Libertarianism won't give you that, but it does give you every single possible way to help solve it p2p and peacefully.

Going forward, in a truly decentralized world, you'll probably have reputation based (court-like) systems that incorporate a person's footprint, just like you need a way to track who is a rapist, who owes money on bills, etc., and this would be a practical incentive for people to treat the planet well.

Or more inside the box, libertarianism at least doesn't actively create problems, like subsidies to the meat and dairy industry or a transportation system that begs for everyone to pollute whenever they go somewhere. Or global warfare for that matter.

Without those things, and without a court system that wouldn't dare hurt the interests of their corporate pals, I'm not sure the problem would really even be a thing.

(But blame peaceful cooperation.. ya.. ::rolls eyes::)

I think this is an underpinning of some of the potential pitfalls on being STRICTLY libertarian.

If you "defang" government to the point that it cannot encroach on individual liberty, or state liberty, it has been declawed to the point that it can't effectively do anything.

For instance, in the beginning of the country, before the constitution, the government couldn't force states to pay taxes, for instance, to maintain the military, which is something that everyone benefited from. We took that to just about the brink, with the articles of confederation, before we finally hammered down, a broader more powerful federal government out of necessity.

I'm not sure the strong centralized US military went on to run up a good track record for your point here :)

But I actually see it as the opposite. When you have "libertarianish" aspects of a centralized state, it seems possibly the worst of both worlds. Like businesses who are free to go after profit, but then a centralized court system who allows them to pollute.

Whereas if/when there is an absence of government, you'd also have a different licensing and regulating mechanism, which (I would argue) would actually keep pollution and other bad behavior in check.

I wasn't trying to say what it all became is the greatest and requires no thought about the matter, I was trying to say we had a really libertarian society once, during our countries infancy, and we ended it for very specific reasons.
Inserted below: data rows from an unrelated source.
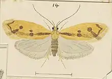♀. 17 mm. Head, thorax light ochreous-orange. Palpi whitishochreous. Forewings elongate, slightly dilated, costa gently arched, apex obtuse-pointed, termen rounded, oblique; golden-ochreous-orange; markings ochreous-brown; stigmata forming rounded spots, plical somewhat beyond first discal, a rather narrow sinuous streak proceeding from near base along fold between these and touching second discal beneath, thence directed to tornus, some scattered scales between this and narrow bent bar crossing wing near apex and continued along termen to tornus: cilia orange-yellow. Hindwings grey; cilia whitish-grey.[3]
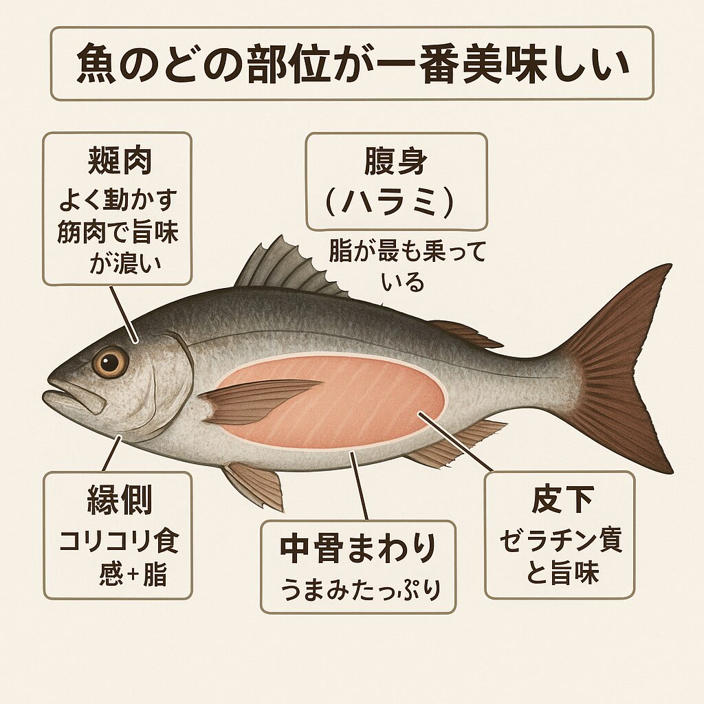 | 中骨まわり | 多い | ねっとり | 非常に強い | 隠れた旨味の宝庫。 |
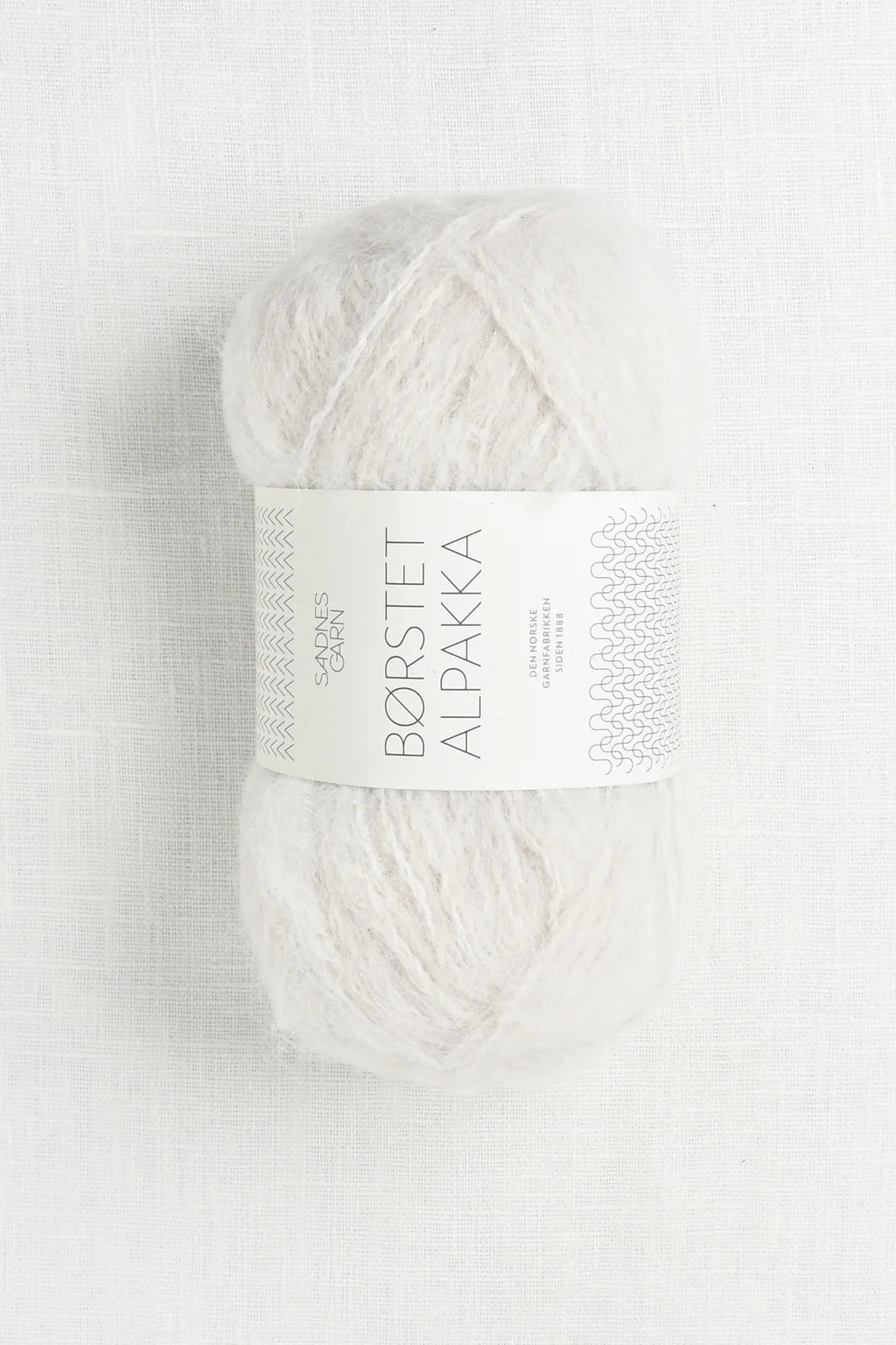 Borstet Alpakka (Brushed Alpaca) is a light, fluffy yarn spun with brushed alpaca fiber & nylon. This soft, cozy yarn has a fantastic halo & knits into luxe garments & accessories. The yarn consists of a nylon strand plied together with the alpaca to ensure that knits will maintain shaping. Simple stitch patterns such as stockinette & ribbing look best in this yarn. The yarn comes in a palette of nature inspired neutrals, as well as soft colors.

Libertarianism seems like a middle age man thinking back on his "glory days" and forgetting about how much he hated it when he was living through it..

I see..

Government can change and act in ways that don't necessarily reflect what the people want. And since the government is steered most by the people inside it (or well connected to it), there's generally a pressure towards larger government. So whether "we" decided to move in that direction is I think unclear.
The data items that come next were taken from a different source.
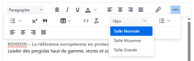 Pour cela, vous pouvez aller sur le bouton qui présente trois petits points, et sélectionner une taille de texte :
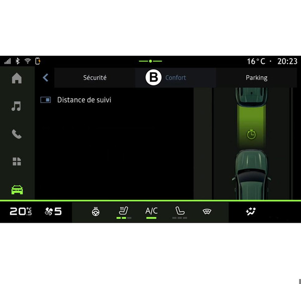 , select "Driving assistance" then the "Security" tab A for safety-related driving aids or the "Comfort" tab B for comfort-related driving aids.
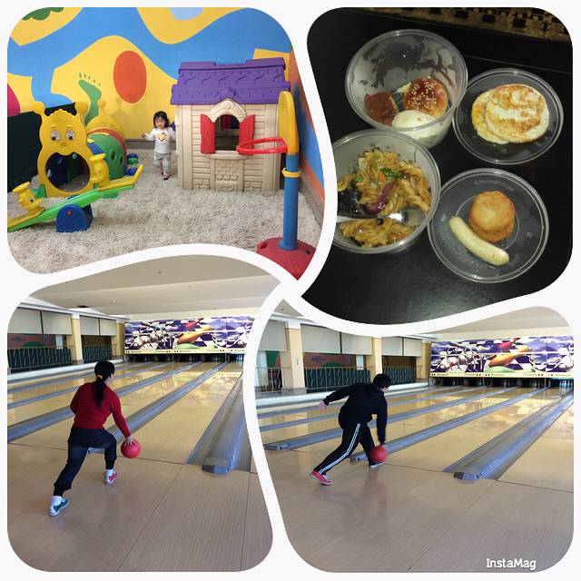 早上我和萌琪琪足足睡了个大懒觉,9点半才起,琪琪爸怕早餐亏了,楞是8点半爬起来去吃早饭了,从早饭上来讲,酒店还是很人性化的,双人早餐来了一位的话,它可以提供免费餐盒打包回去,以免饿着另一位贵宾😝,于是从带回的早餐不难看出,早饭也是好好吃的,我们三口又吃了个酒足饭饱,洗个澡再收拾行李,基本上就12点了。退了房直奔球类娱乐馆玩了会保龄球,娱乐馆里也是有小孩子的乐园天地,之所以选择保龄球是因为可以俩人轮着玩,轮着看孩子,如果是乒乓球的话,其实孩子的乐园天地就在乒乓球旁边,也可以一边看孩子一边打球的,但是保龄球的性价比高啊,你懂的😝。
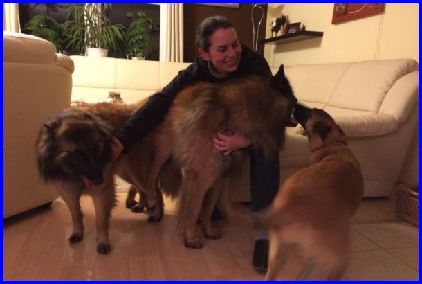 Das allerletzte Foto, wir lassen einen sehr traurigen Digger zurück, am liebsten hätte ich ihn mitgenommen. Ich habe mich total verliebt in diesen lieben Kuschelbär! Kathrin, Du hast einen ganz besonderen Rüden! Ich hoffe sehr, dass es einer erfolgreiche Liebeswoche war und wir süße kleine Digger - Farouche - Babys bekommen werden! In drei Wochen werden wir eine Ultraschalluntersuchung machen lassen, dann wissen wir ob die Verpaarung von Digger und Farouche erfolgreich war. Das Ergebnis werde ich dann hier bekannt geben.
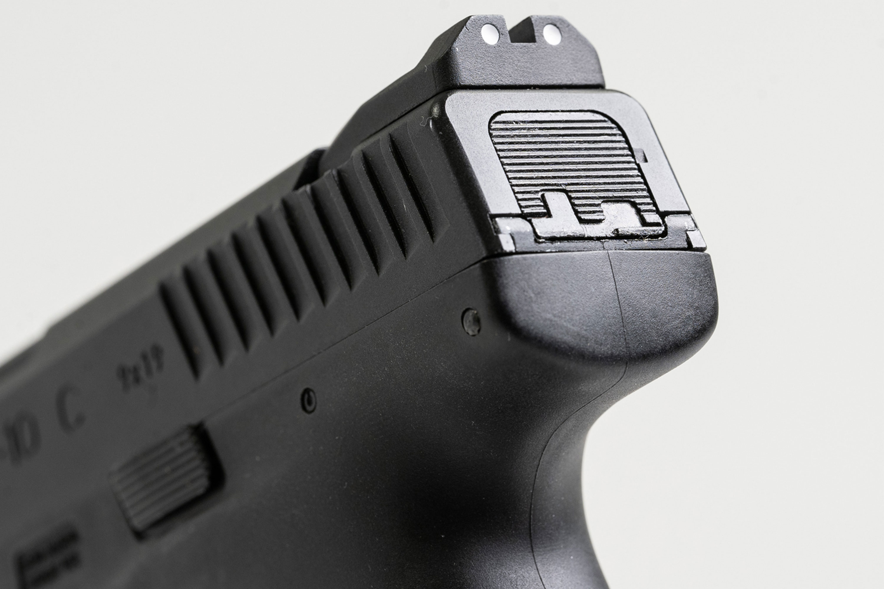 Die CZ P-10 C überzeugt als maßstabsgetreuer Nachbau mit einer robusten Konstruktion und einem ergonomischen Griff für Komfort und Präzision beim Schießen.
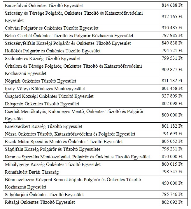 Bátonyterenyei Települési Mentőcsoport, Észak-Mátra Speciális Mentő és Önkéntes Tűzoltó Egyesület 376.047 Ft technikai eszközre és gépjárműre
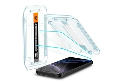 Applying this screen protector is extremely easy. Newer-model iPhones, including the 13, 14, 15, 16, and 17, have edge-to-edge displays without a Home button to help align the protector, so an alignment tool is essential for good installation. Spigen’s screen protector installation is the absolute best we’ve found, and the included visual instructions make the process clear. Each box includes two plastic installation trays, with the glass already in place. Once you’ve cleaned your phone’s screen with the included alcohol wipe, dry wipe, and dust-removal sticker (if necessary), you peel off the backing from the screen protector and snap the frame onto your phone. This design ensures that you can’t misalign the glass. The instructions guide you to press and slide along a sticker on the front of the protector and then remove the frame.
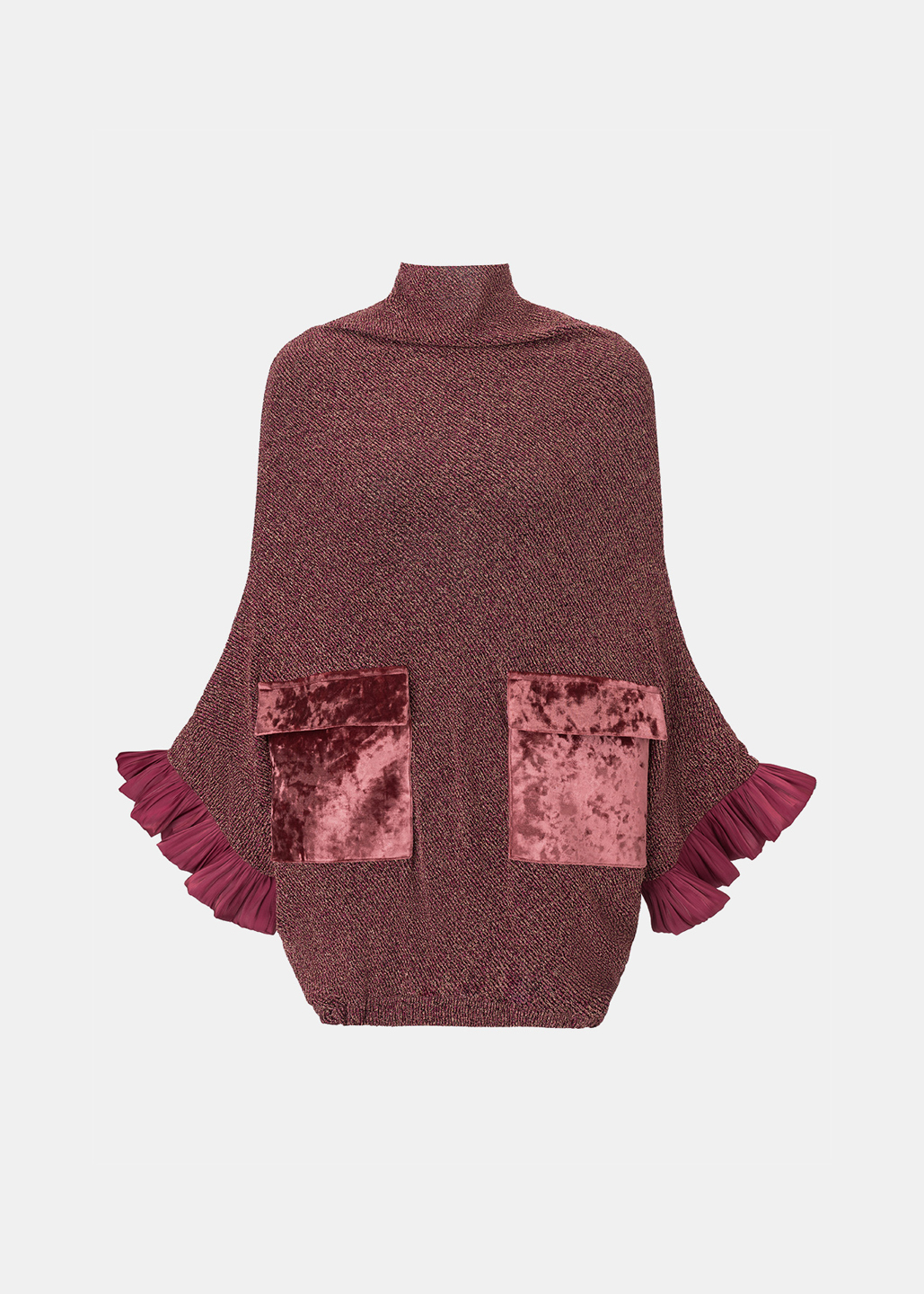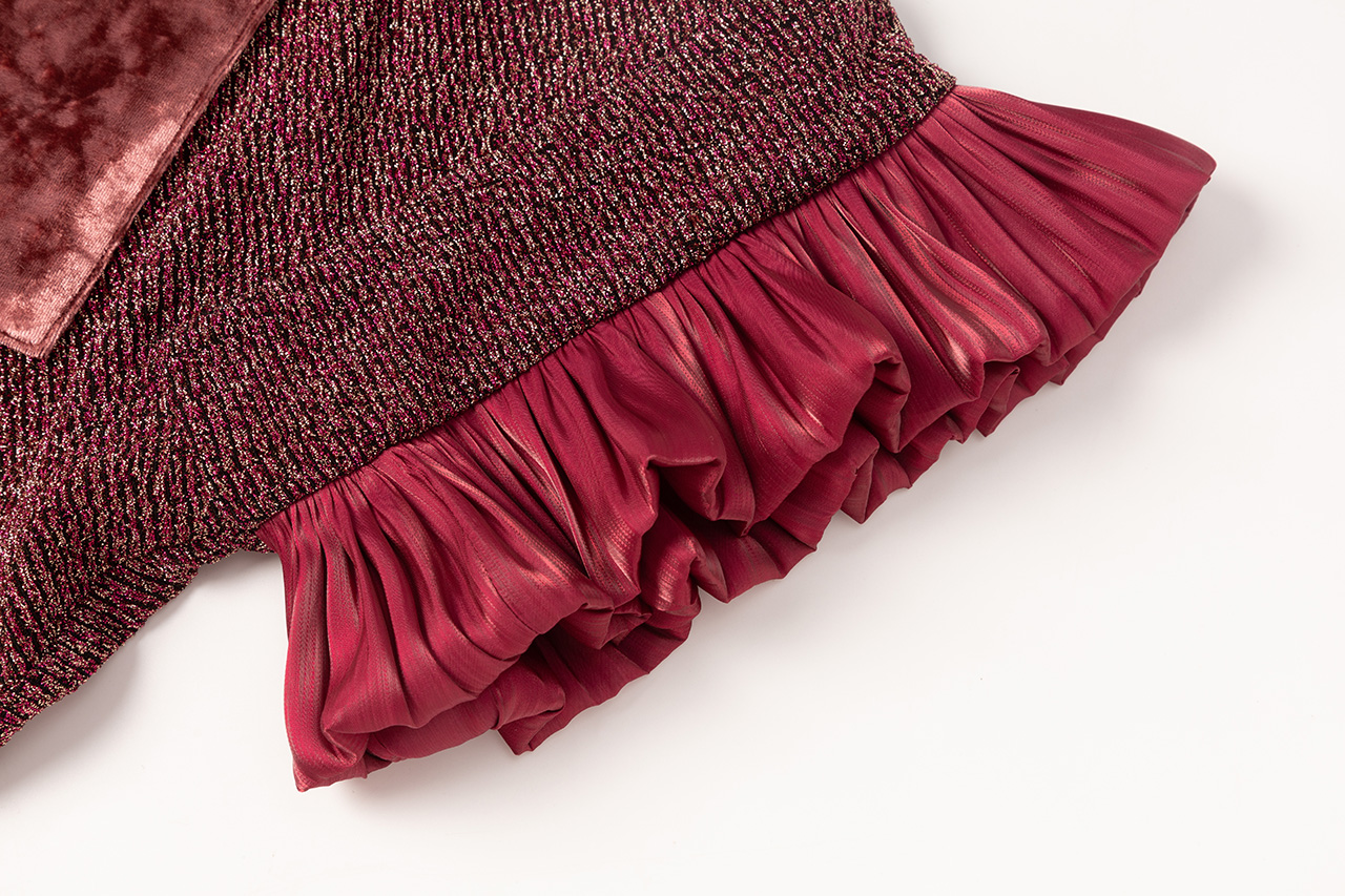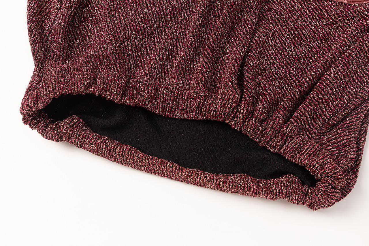 这款针织上衣采用闪光针织面料,弹力贴身收放自如,既可演绎直线高领的优雅穿法,也能展现直肩露肩的随性风格。袖口荷叶边设计为整体增添俏皮灵动感,既浪漫又充满活力,展现出多变的时尚态度与艺术美感。

And even if we did, it doesn't mean we were right.

Most people who think about libertarianism I think are usually thinking about principles and the best way forward, I don't think that many are basing it on the past or how things were in early US history.

At least, I know I certainly don't.

I see what you meant tho and appreciate your clarification.
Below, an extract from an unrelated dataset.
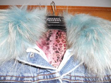 Bellissimo giubbino jeans con interno imbottito e fodera in seta, staccabile, collo in vera pelliccia di volpe di colore azzurro, come fondo e maniche
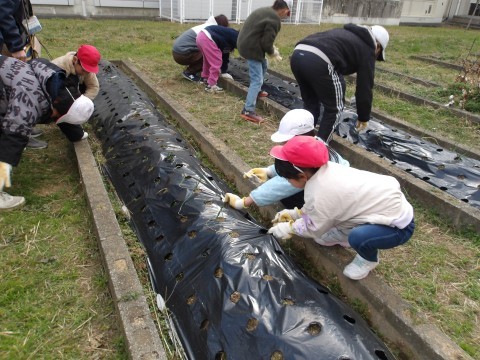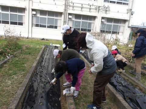 ひまわり学級ではタマネギを育てています。今日は肥料をまきました。大きく育ちますように!

The biggest thing you could do on the individual level is to reduce, or as I would advocate for, eliminate your support for animal agriculture. The fossil fuel industry is on the way out as renewable energy shows up. What needs to change is the amount of methane production and deforestation caused by farm animals.

You could ask the same question of peace keeping or any other sphere of public life where your freedoms are superseded by the rights of your neighbours. Obviously there would need to be an agreement and enforcement of that agreement, which I would call government. The question to libertarians is, how do you ensure that this authority's power comes from the bottom up, rather than the top down?

"The question to libertarians is, how do you ensure that this authority's power comes from the bottom up, rather than the top down?"

Being libertarian means basically disbelieving in such a possibility... They're more concerned with how do they keep kids off their lawn.

Muh free market fairy will take care of it!